Required action. Copy all the lines of the listing below exactly. Skip the images.

Raw data.
▼

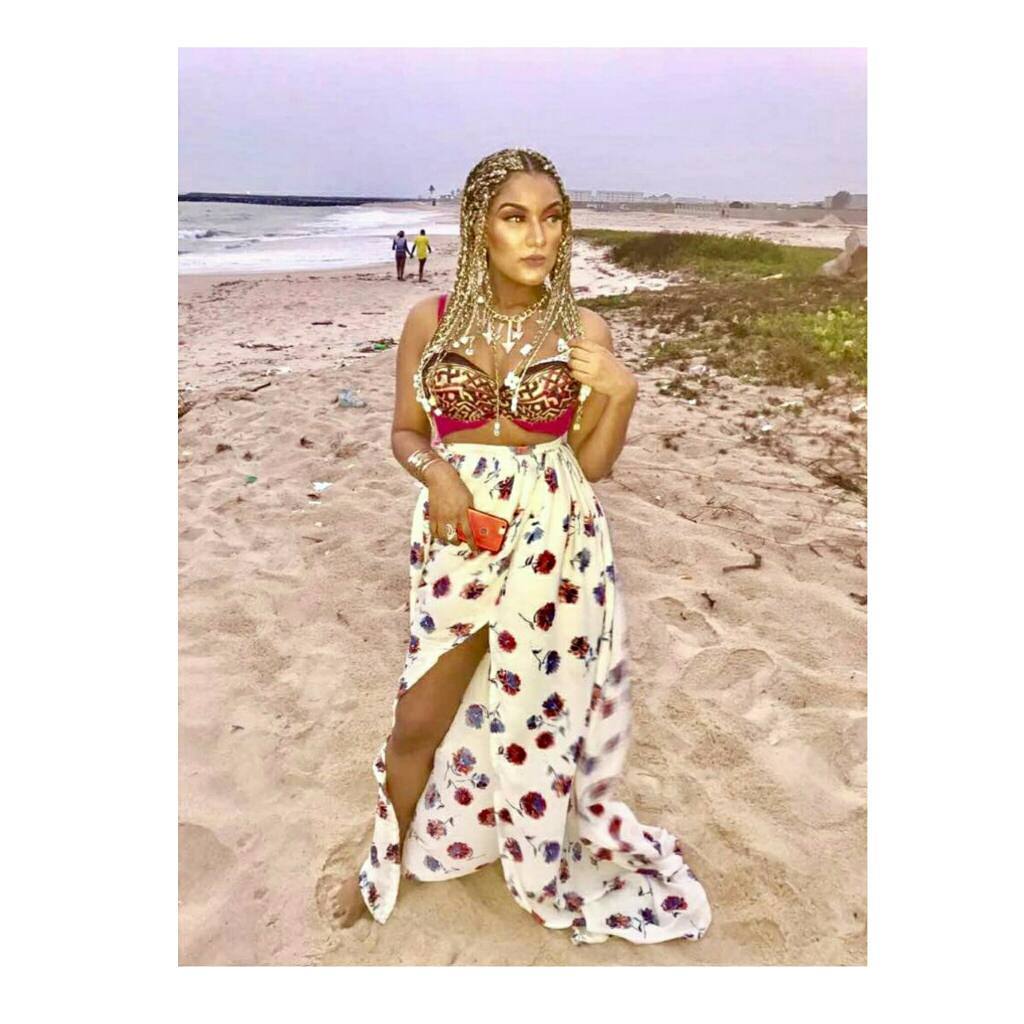 Gifty had stepped out in bra and a skimpy short, while flaunting her chest in public.
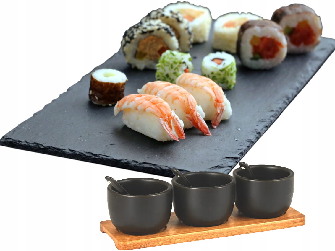 ZESTAW DO SUSHI Kamienna Deska ŁUPEK + 3 Miseczki
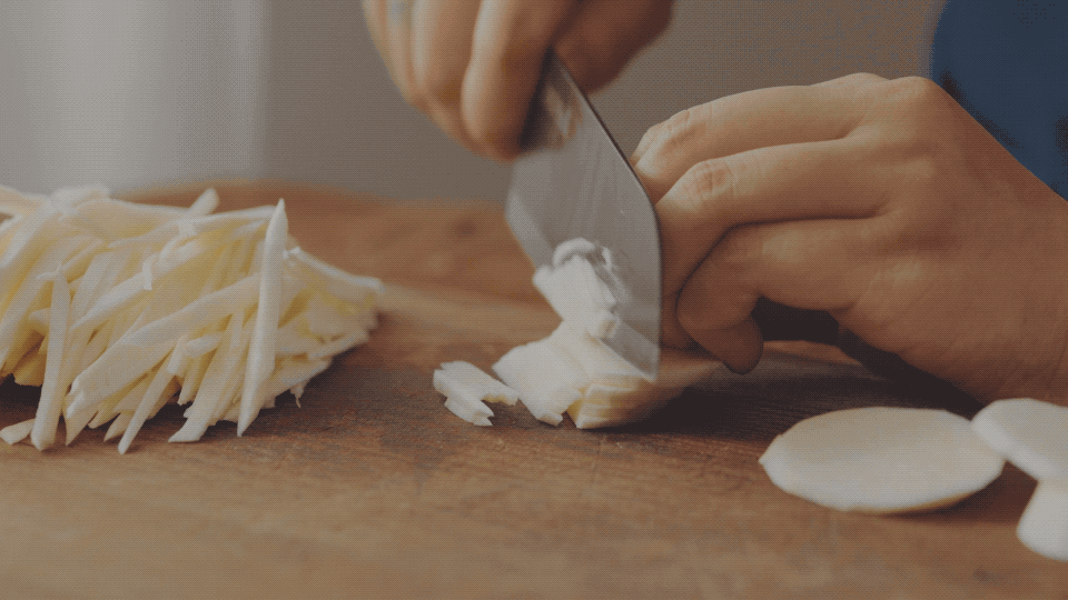 茭白鲜甜脆嫩,焖入饭中口感更佳。泡带鱼的空当,我们把茭白切丝,焯熟备用。

▲

Written reply.
 Gifty had stepped out in bra and a skimpy short, while flaunting her chest in public.
 ZESTAW DO SUSHI Kamienna Deska ŁUPEK + 3 Miseczki
 茭白鲜甜脆嫩,焖入饭中口感更佳。泡带鱼的空当,我们把茭白切丝,焯熟备用。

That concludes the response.